• _Try it_
Please copy the data exactly as it stands, minus the images.

*** Data section ***

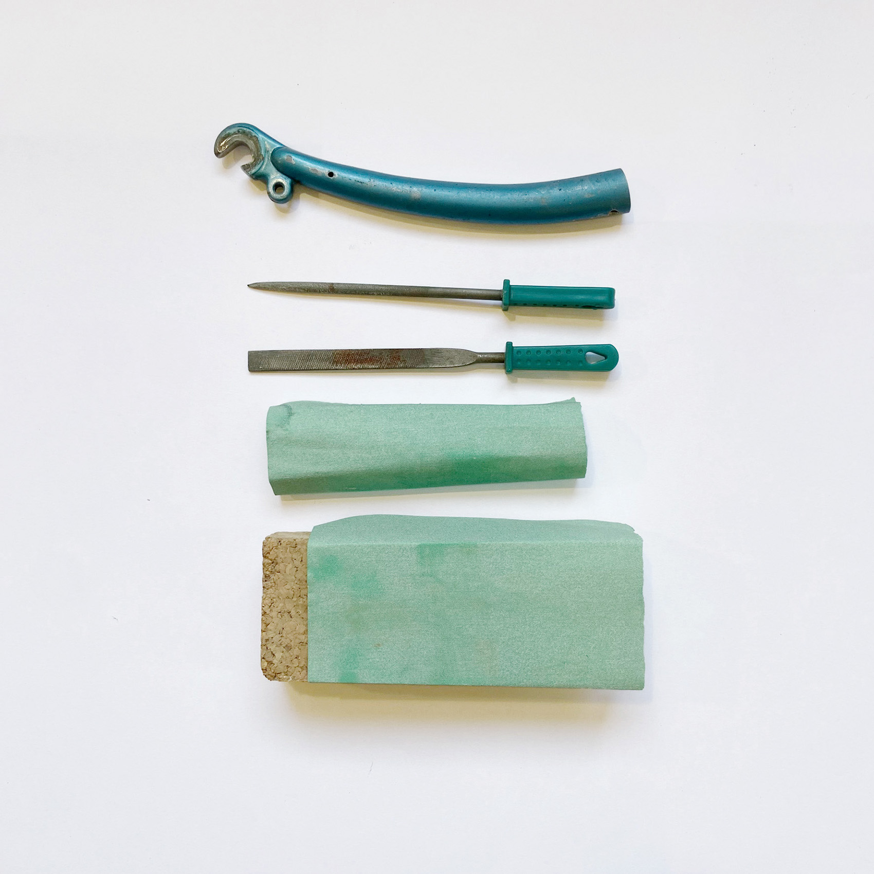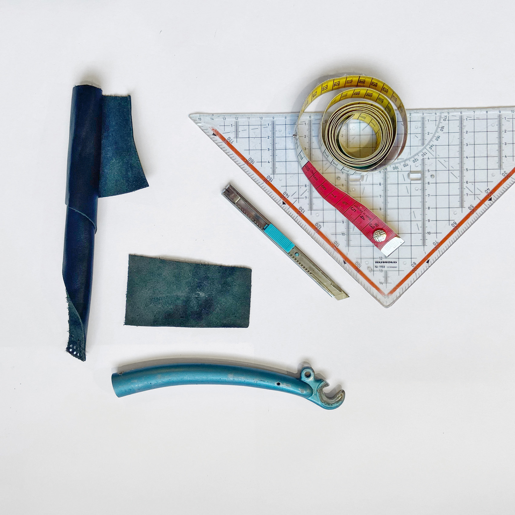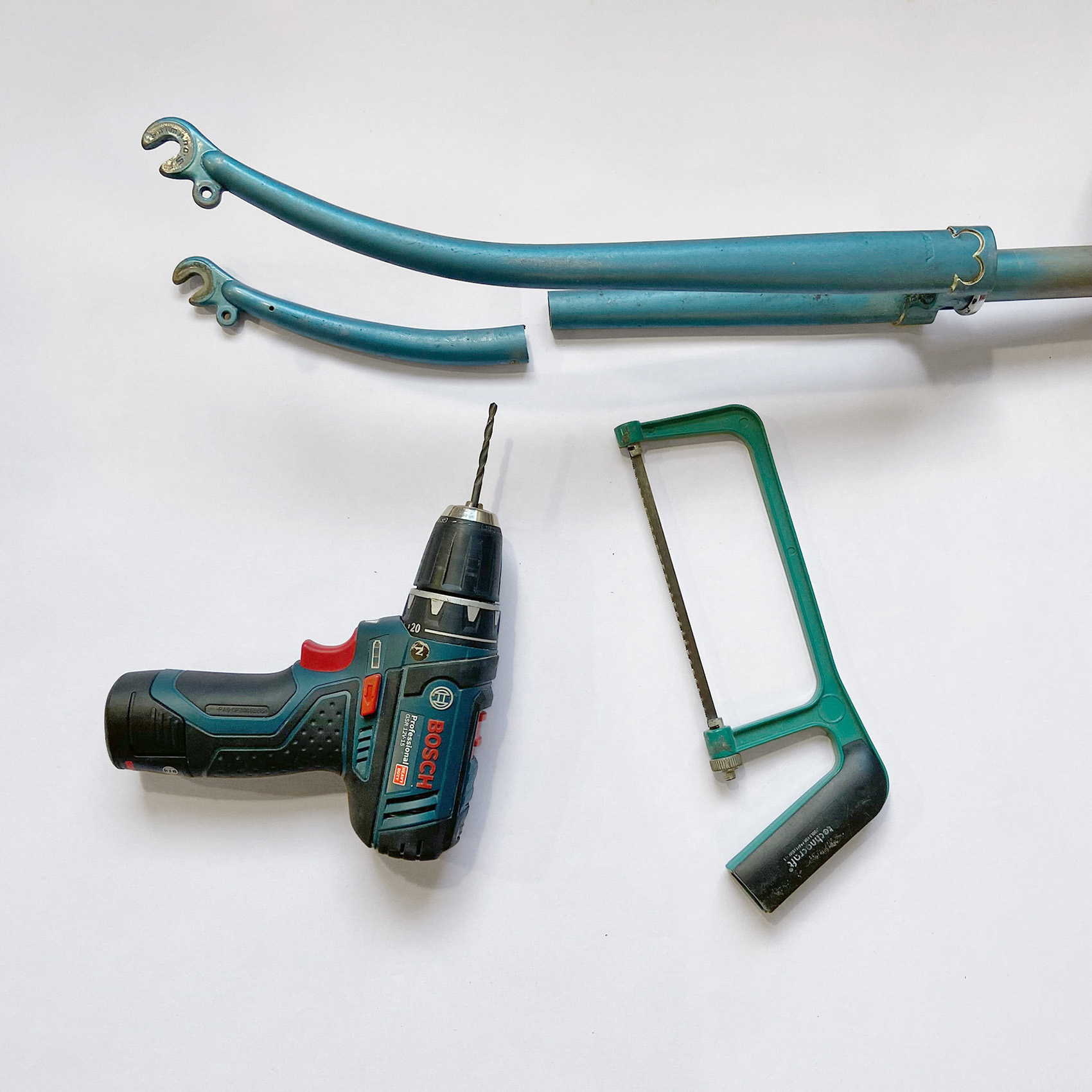 Metallsäge, Bohrer, Schleifpapier, Feile, Geodreieck, Massband, Lochzange, Filzstift
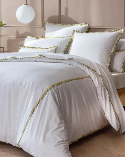Parure housse de couette en Percale de Coton Alcott blanc/doré
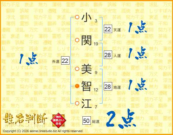 小(3画)関(19画) 美(9画)智(12画)江(7画)

***

• _Response to the exercise_
 Metallsäge, Bohrer, Schleifpapier, Feile, Geodreieck, Massband, Lochzange, Filzstift
Parure housse de couette en Percale de Coton Alcott blanc/doré
 小(3画)関(19画) 美(9画)智(12画)江(7画)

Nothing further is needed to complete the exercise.